Quelle: Sozialatlas 2000 des Lahn-Dill-Kreises


1.   Bevölkerung

  • Im Lahn-Dill-Kreis leben zum 31.12.1999 insgesamt 263.904 Personen.
     
  • Der Anteil der weiblichen Bevölkerung liegt mit 51% über dem der männlichen Bevölkerung.

1.1. Bevölkerungsentwicklung 1990 bis 1999

  • Gemessen am durchschnittlichen Bevölkerungswachstum von 5,8% im Lahn-Dill-Kreis haben die Gemeinde Waldsolms mit 19,2% und die Stadt Aßlar mit 14,2% die höchsten Zuwachsraten.
  • Die niedrigste Bevölkerungszunahme verzeichnet die Stadt Wetzlar mit 1,8%, und die Gemeinde Siegbach hat einen Bevölkerungsverlust von - 0,9%.

1.2. Bevölkerungsstruktur nach Nationalität, Geschlecht und Altersgruppen

  • Der Anteil der nichtdeutschen Bevölkerung an der Gesamtbevölkerung beträgt 9,0%.
     
  • Bezogen auf die deutsche Gesamtbevölkerung liegt der Anteil der Frauen bei 51,0% und der Anteil der Männer bei 49,0%.
     
  • Bezogen auf die nichtdeutsche Bevölkerung liegt der Anteil der Männer bei 52,6% und der Anteil der Frauen bei 47,4%.
     
  • Der Anteil der nichtdeutschen Bevölkerung wird mit zunehmendem Alter geringer und beträgt in der Altersgruppe über 65 Jahre nur noch 2,8%.
     
  • Der Anteil der deutschen Bevölkerung unter 30 Jahren an der deutschen Gesamtbevölkerung liegt bei etwa 32,0%.
     
  • Der Anteil der nichtdeutschen Bevölkerung unter 30 Jahren an der nichtdeutschen Gesamtbevölkerung liegt bei etwa 52,0%.

 

2.  Beschäftigung

2.1. Beschäftigungsentwicklung 1995 bis 1999

  • Im Lahn-Dill-Kreis sind zum 31.12.1999 insgesamt 80.207 sozialversicherungspflichtig Beschäftigte verzeichnet.
     
  • Von 1995 bis 1999 ist im Lahn-Dill-Kreis ein Rückgang der sozialversicherungspflichtigen Beschäftigung um 2,4% festzustellen.
     
  • In dem Zeitraum 1995 bis 1999 verzeichnen die Städte Herborn und Haiger mit einem Rückgang der sozialversicherungspflichtigen Beschäftigtenquote um 6,0% die größten Verluste im Kreisgebiet.
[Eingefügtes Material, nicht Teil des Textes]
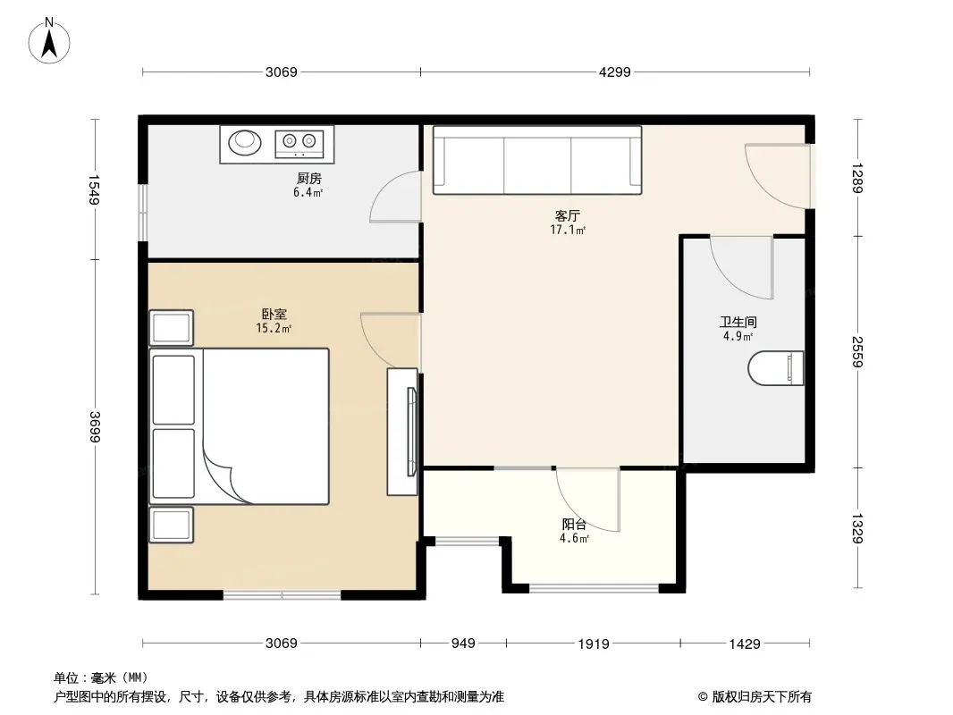 户型齐全,主打户型方正,明厨,客厅朝南,主卧朝南一居

2.2. Berufspendler im Kreisgebiet

  • Fast zwei Drittel aller sozialversicherungspflichtigen Erwerbstätigen im Kreisgebiet haben einen Arbeitsplatz außerhalb ihres Wohnortes.
     
  • Die höchsten Auspendlerquoten haben im Kreisgebiet die Gemeinden Siegbach mit 87,6% und Schöffengrund mit 86,2%.
     
  • Die höchsten Einpendlerquoten haben im Kreisgebiet die Gemeinde Lahnau mit 66,6 % und die Stadt Solms mit 66,1%.

2.3. Arbeitslosenquotenentwicklung 1995 bis 1999

  • Die Arbeitslosenquote im Kreisgebiet ist von 1995 bis 1999 um 0,9% auf 11,2% gestiegen.
     
  • Die durchschnittliche Arbeitslosenquote der Jahre 1995 bis 1999 beträgt im Lahn-Dill-Kreis 11,4%.
     
  • Die höchste Arbeitslosenquote im Kreisgebiet weisen die Städte Wetzlar mit 14,4% und Braunfels mit 12.9% auf.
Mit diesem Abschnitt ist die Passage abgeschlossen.